Шрифт:
Интервал:
Закладка:
Подруги сидели у воды под стеной Новодевичьего монастыря, когда мимо них пёстрой и шумной группой прошествовали цыганки. Они только что прополоскали свои тряпки в пруду, теперь несли мокрые узлы обратно в табор. Одна подмигнула Лиде, и девочка узнала в ней женщину из своего сна.
– Что с тобой? – спросила Ася. – Ты стала белой, как простыня…
Лида рассказала ей свой сон.
– Не переживай! – махнула рукой Ася. – Ты наверняка встречала эту цыганку прежде, просто не задумывалась об этом, пока она тебе не приснилась.
Но Лида не смогла успокоиться.
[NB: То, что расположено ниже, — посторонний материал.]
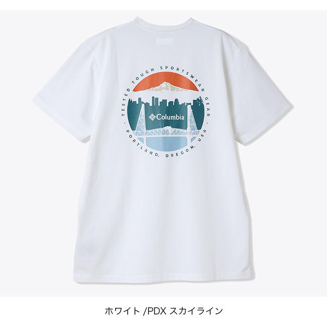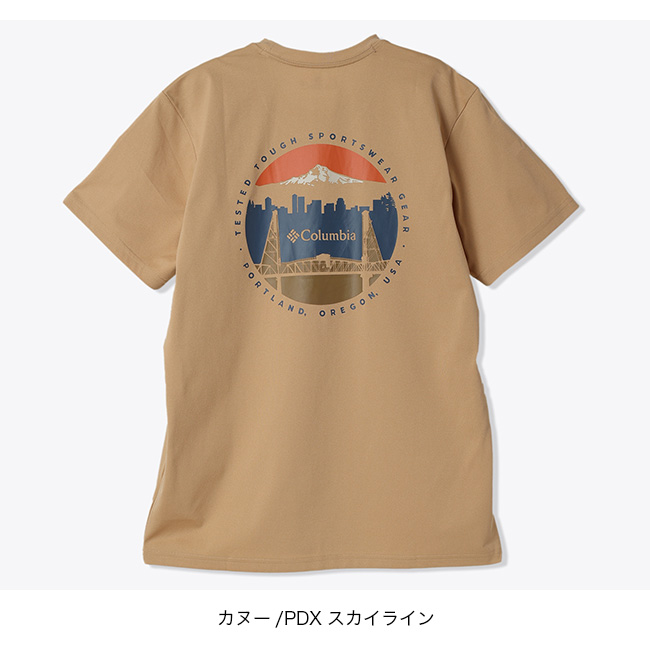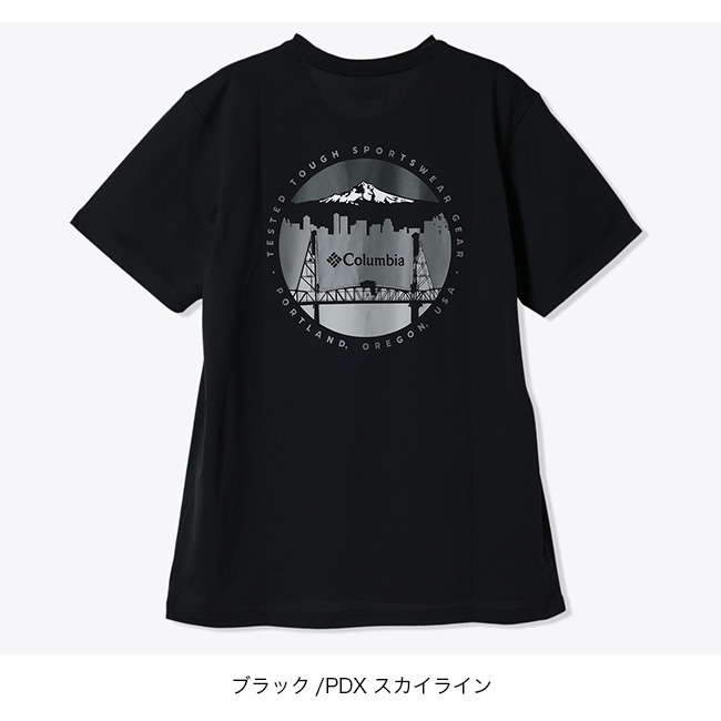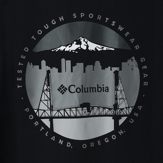 オレゴン州ポートランドのランドマークをバックスタイルに描いたグラフィックTシャツ。吸湿速乾機能「オムニウィック」が、汗を素早く吸収・発散し、ドライで快適な着心地を提供します。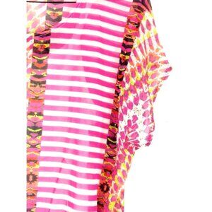 • Features vibrant pink stripes and an abstract pattern with attached white camisole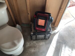 …since the bedroom heater is out of action I have an embarrassment of propane with no other assigned purpose. Nothing stopped me from bringing one of those bottles to the Cave and expending most of it into the bathroom with the door closed. And in the fullness of time…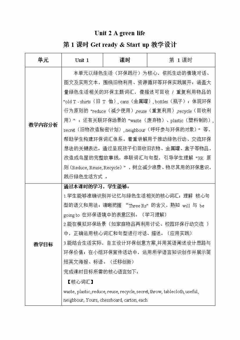 Unit 2 第1课时 Get ready & Start up (教学设计)英语外研版三起五年级上册(新教材)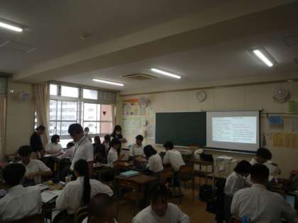 6限目、9−2で英語の公開授業が行われました。特定の人物を記者会見形式で発表するため、グループ学習で準備をする取り組みがあり、一人一台端末も使いながら協力してプリントをまとめていました。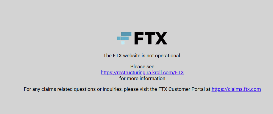 Биржа базируется на сайте Ftx com. На сегодняшний день, август 2024 года, он не загружается. Информация о причине нефункциональности интернет-ресурса представлена на скриншоте ниже.

Дома она виновато посматривала на Альку. Вдруг цыгане украдут братика? Этот страх настолько овладел ею, что она не сразу испугалась, когда пришла настоящая беда.
У них в доме несколько детей переболели этой заразой. Подхватил её и Алька. Сначала болезнь показалась нетяжёлой – малыш даже играл своими солдатиками. Но потом стало понятно, что она всё это время держала его в своих лапах, играла им, как хищная кошка, чтобы убить в одно мгновение.
Пока до неузнаваемости отёкший братик неподвижно лежал в своей кровати, а мать по-деревенски выла над ним, от его лица жалуясь на до обидного коротенькую жизнь, у Лиды не выходили из головы эти проклятые красные туфли.
Во время похорон моросил холодный дождь, старшие Семилетовы его не замечали. Лида, тоже, лишь чувствовала рукой горячую мамину спину, вспотевшую под тонкой кофтой.
– Мам, Алька-то из-за меня умер…
Мать молча посмотрела воспалёнными глазами – у неё не было сил разубеждать дочку.
Скоро мы уйдем с кладбища, подумала Лида, а он останется совсем один. Эта мысль показалась невыносимой. Она вдруг вспомнила, что забыла положить ему в гроб его любимых солдатиков. Игрушечные солдатики показались сейчас важнее всего на свете, важнее самого обряда, и она сначала тихо, потом все настойчивее потребовала, чтобы могилу разрыли.
– Ему там будет скучно без солдатиков! – кричала Лида, отталкивая отца и мать.
Прошло девять дней после Алькиной смерти, потом сорок дней, а кошмар всё приходил к Лиде по ночам. Он имел вид Тёплого переулка, в котором не было для неё места.
В этот раз Лида стояла перед жёлтым пятиэтажным домом, где жила Ася. Подъезд, медная ручка, до желтизны отполированная множеством ладоней – всё казалось знакомым. Она дёрнула ручку на себя.
На лестнице послышались недружный топот и громкое сопение. Это по-праздничному одетые Коляскины, крепко держась друг за дружку, поднимались к себе наверх. Домна в красной косынке отдувалась, как паровоз – она тащила за собой родственников. Лица у всех были нездоровые, с зелёным оттенком.
Коляскины оставили дверь квартиры приоткрытой, но ни Аси, ни её родных дома не оказалось. Лида собралась уже уйти, когда из комнаты Коляскиных раздались крики, бормотание, потом что-то с продолжительным грохотом упало, снова упало, наконец воцарилась тишина. Что случилось?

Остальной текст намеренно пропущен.